[MATERIAL TO PROCESS]
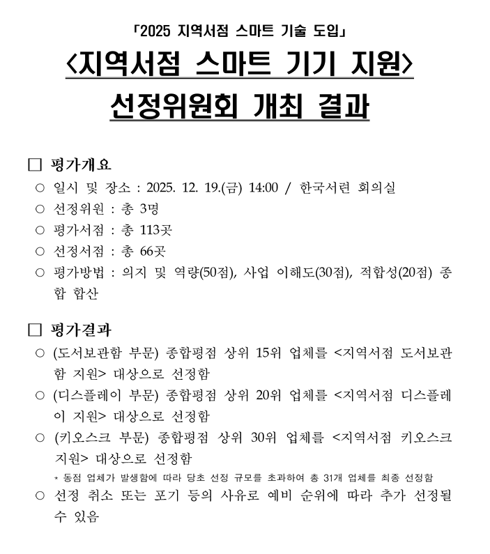 지역서점 스마트기기 지원 사업 선정
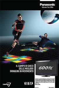 Pianificazione anche su stampa: coinvolti tutti i principali quotidiani sportivi con uscite previste fino al 29 aprile. La creatività pone l’accento sulla fluidità e nitidezza delle immagini in movimento, vero punto di forza della tecnologia Viera a 600Hz. Coinvolta anche la rete, con banner sui siti dei principali quotidiani sportivi, su Yahoo e goal.it.
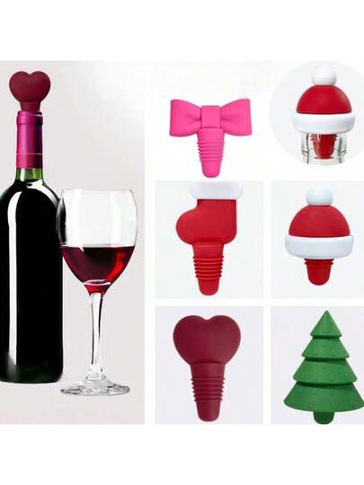 Christmas-Themed Creative Silicone Sealing Plug For Household Champagne, Wine And Red Wine Glass Bottles, Silicone Cap For Wine Bottles, Christmas Cute Decoration For Wine Bottles, Competition - Multicolor - View 1
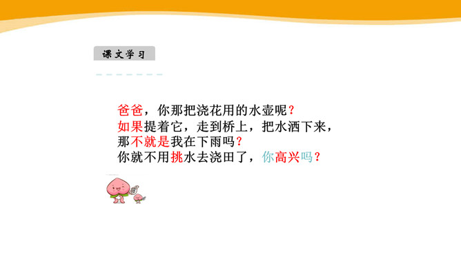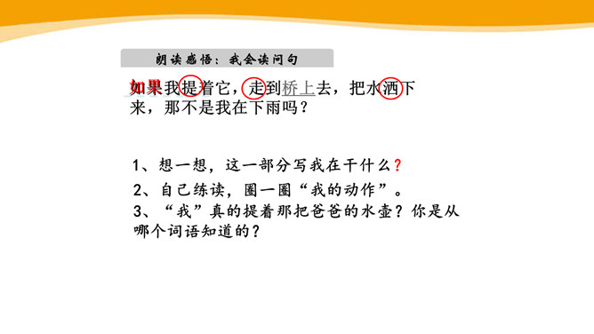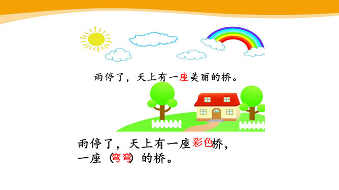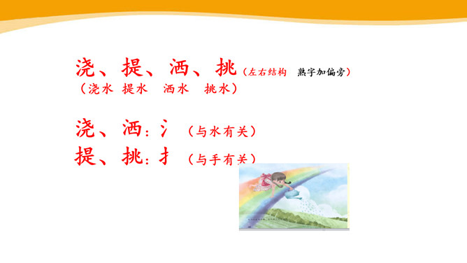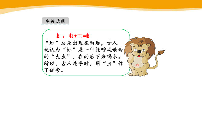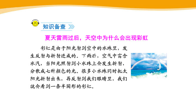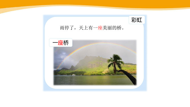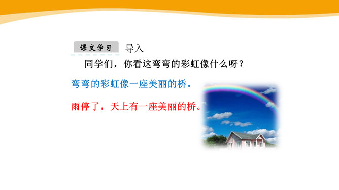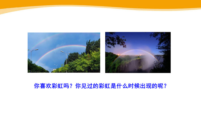你见过彩虹吗?你喜欢彩虹吗?你见过的彩虹是什么时候出现的呢?“虹”总是出现在雨后,古人就认为“虹”是一种能呼风唤雨的“大虫”,在雨后下来喝水。所以,古人造字时,用“虫”作了偏旁。同学们,你看这弯弯的彩虹像什么呀?弯弯的彩虹像一座美丽的桥。想一想,这一部分写我在干什么?自己练读,圈一圈“我的动作”。“我”真的提着那把爸爸的水壶?你是从哪个词语知道的?所属专题:彩虹ppt。
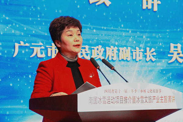 吴桂华向活动的举办表示热烈祝贺,向各位领导、各位嘉宾的到来表示诚挚欢迎,向关心支持广元文化旅游事业发展的朋友们表示衷心感谢。她指出,近年来,市委、市政府认真贯彻习近平新时代中国特色社会主义思想,高度重视旅游产业发展,突出生态康养主题、全域旅游主线、提质增效主调,奋力建设中国生态康养旅游名市和大蜀道国际旅游目的地核心区,全市旅游经济持续快速增长,“绿色广元、康养之都”的品牌影响力全面提升。吴桂华希望,各界朋友以节为媒、以节会友,深入交流、畅谈合作,共同谱写冰雪产业发展新篇章。同时,诚邀各位来广元观光旅游、投资兴业、共叙友谊、共谋发展,携手开创更加美好的明天。
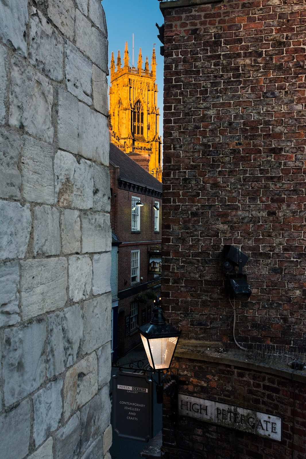 York Minster bathed in the late evening sunshine. Shot from the city wall.
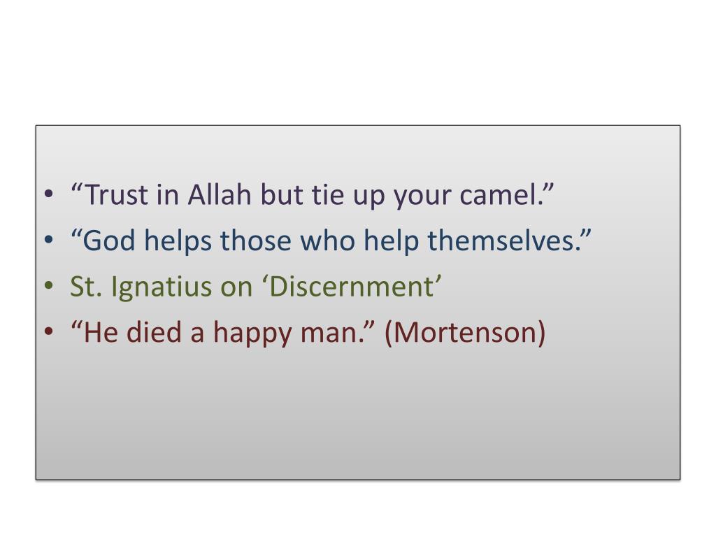 “Trust in Allah but tie up your camel.” • “God helps those who help themselves.” • St. Ignatius on ‘Discernment’ • “He died a happy man.” (Mortenson)
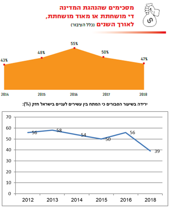 54% מהישראלים מסכימים עם האמירה שישראל היא לא דמוקרטיה אמתית משום שקבוצה קטנה של עשירים משפיעה על השלטון, כך שהוא מקבל החלטות לטובתם ונגד האנשים הפשוטים. עם זאת מצביעי השמאל (65%) והמרכז (60%) מסכימים עם אמירה זו בשיעורים גבוהים יותר ממצביעי הימין (45%).
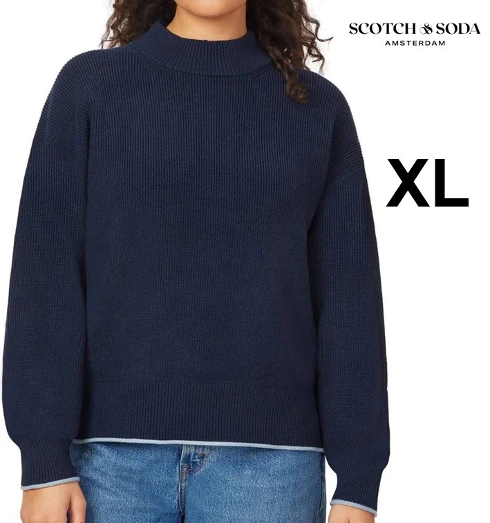 women's scotch and soda amsterdam ribbed mock neck sweater - extra large - NAVY BLUE - (model: 1917513)
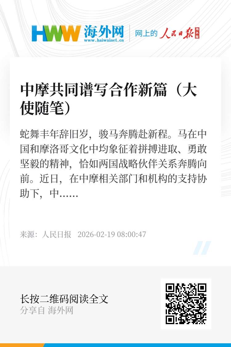 在两国元首战略指引下,中摩关系展现出蓬勃生机与巨大潜力。2026年是“十五五”开局之年,中方愿同摩方进一步加强两国战略对接,在更高水平、更广领域共同谱写新的辉煌篇章,增进中阿、中非友好,为推动构建人类命运共同体作出新的更大贡献。
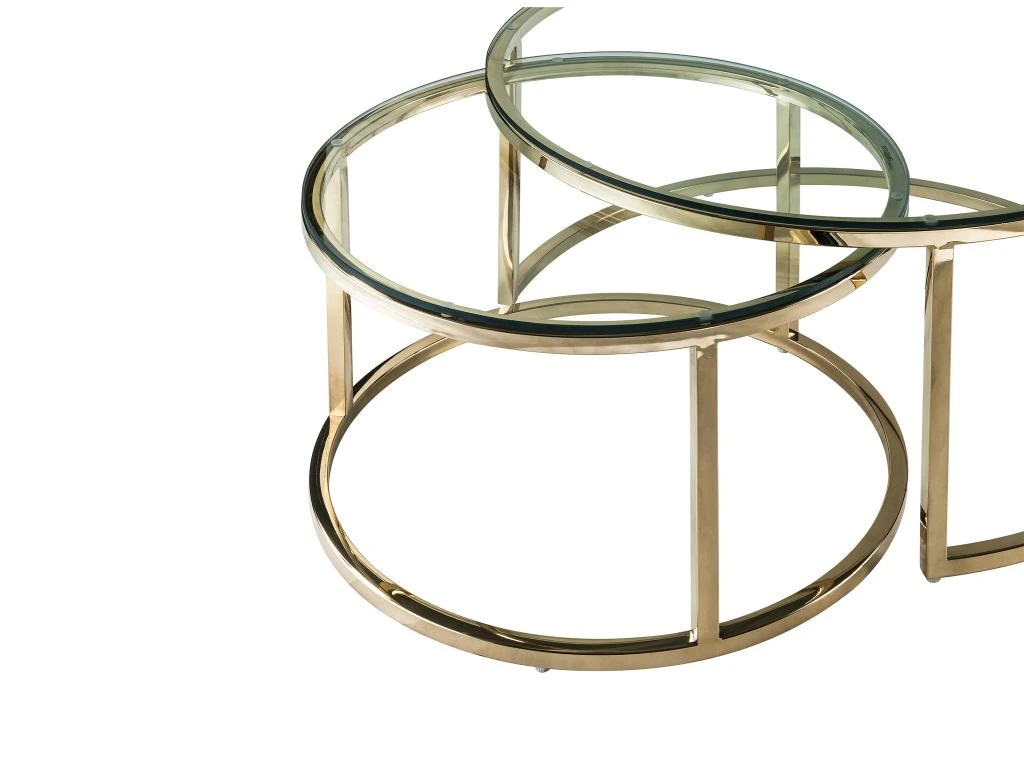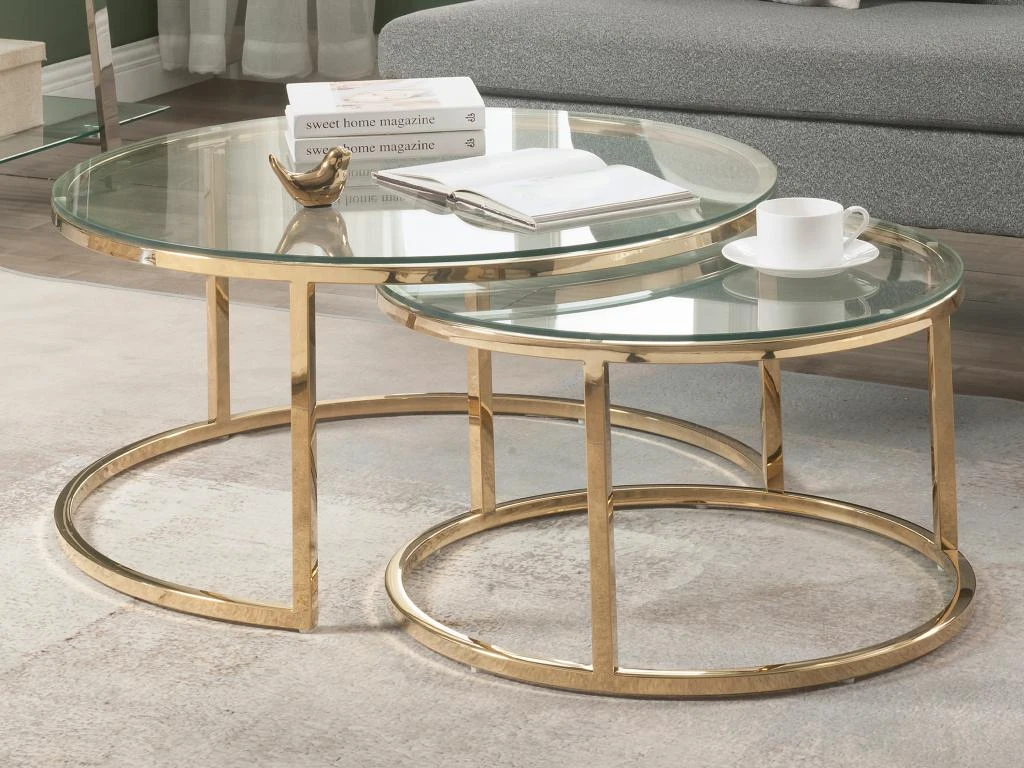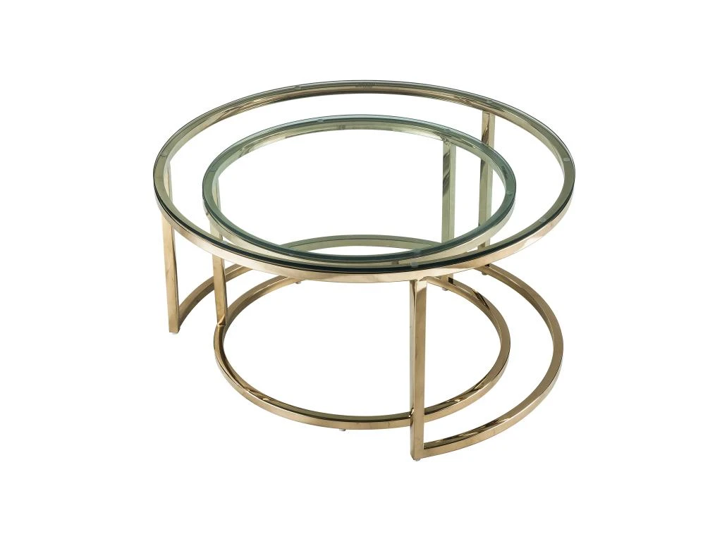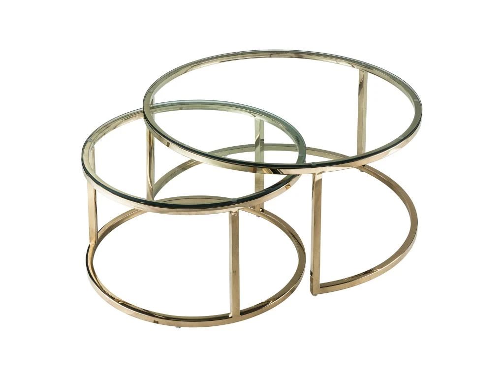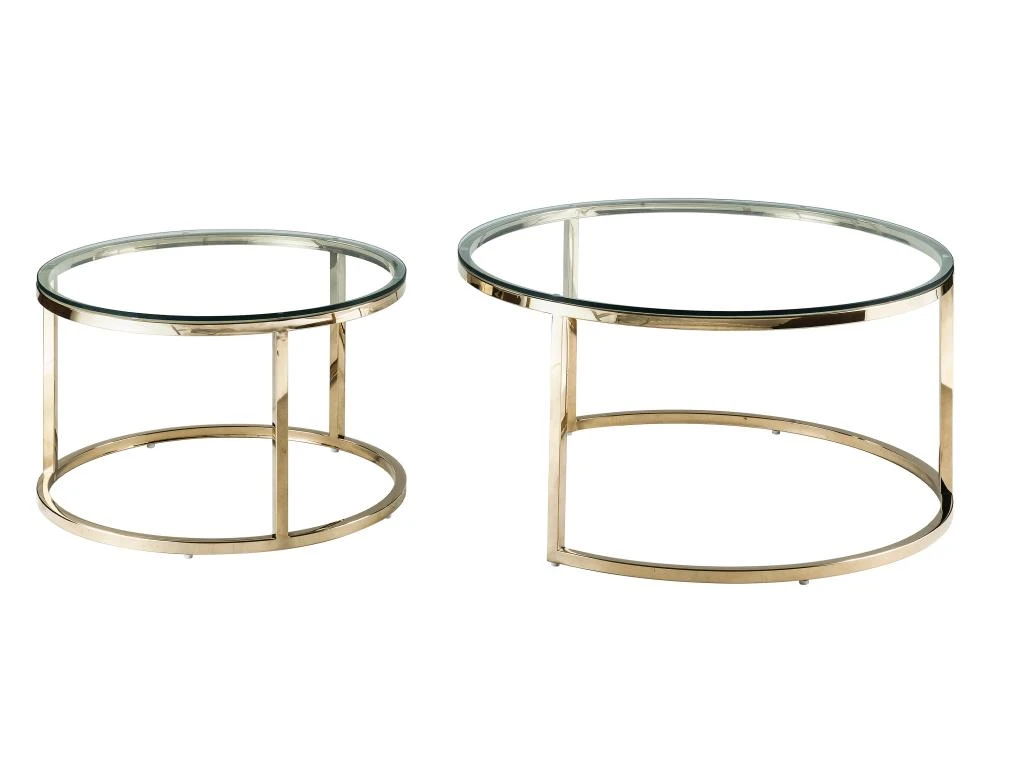 On ne résiste pas à l’alliance des matières des deux tables basses gigognes MAEVANE en verre trempé et acier inoxydable doré. Leurs matériaux et leur forme ronde apporteront délicatesse et luminosité à votre salon.
[/MATERIAL TO PROCESS]
### WORK REQUEST
If a picture sits between the line containing "Christmas-Themed Creative Silicone" and the line containing "in Allah but", leave it out, and return the lines of that range above exactly, both ends included.

### ANSWER TO THIS EXERCISE
 Christmas-Themed Creative Silicone Sealing Plug For Household Champagne, Wine And Red Wine Glass Bottles, Silicone Cap For Wine Bottles, Christmas Cute Decoration For Wine Bottles, Competition - Multicolor - View 1
你见过彩虹吗?你喜欢彩虹吗?你见过的彩虹是什么时候出现的呢?“虹”总是出现在雨后,古人就认为“虹”是一种能呼风唤雨的“大虫”,在雨后下来喝水。所以,古人造字时,用“虫”作了偏旁。同学们,你看这弯弯的彩虹像什么呀?弯弯的彩虹像一座美丽的桥。想一想,这一部分写我在干什么?自己练读,圈一圈“我的动作”。“我”真的提着那把爸爸的水壶?你是从哪个词语知道的?所属专题:彩虹ppt。
 吴桂华向活动的举办表示热烈祝贺,向各位领导、各位嘉宾的到来表示诚挚欢迎,向关心支持广元文化旅游事业发展的朋友们表示衷心感谢。她指出,近年来,市委、市政府认真贯彻习近平新时代中国特色社会主义思想,高度重视旅游产业发展,突出生态康养主题、全域旅游主线、提质增效主调,奋力建设中国生态康养旅游名市和大蜀道国际旅游目的地核心区,全市旅游经济持续快速增长,“绿色广元、康养之都”的品牌影响力全面提升。吴桂华希望,各界朋友以节为媒、以节会友,深入交流、畅谈合作,共同谱写冰雪产业发展新篇章。同时,诚邀各位来广元观光旅游、投资兴业、共叙友谊、共谋发展,携手开创更加美好的明天。
 York Minster bathed in the late evening sunshine. Shot from the city wall.
 “Trust in Allah but tie up your camel.” • “God helps those who help themselves.” • St. Ignatius on ‘Discernment’ • “He died a happy man.” (Mortenson)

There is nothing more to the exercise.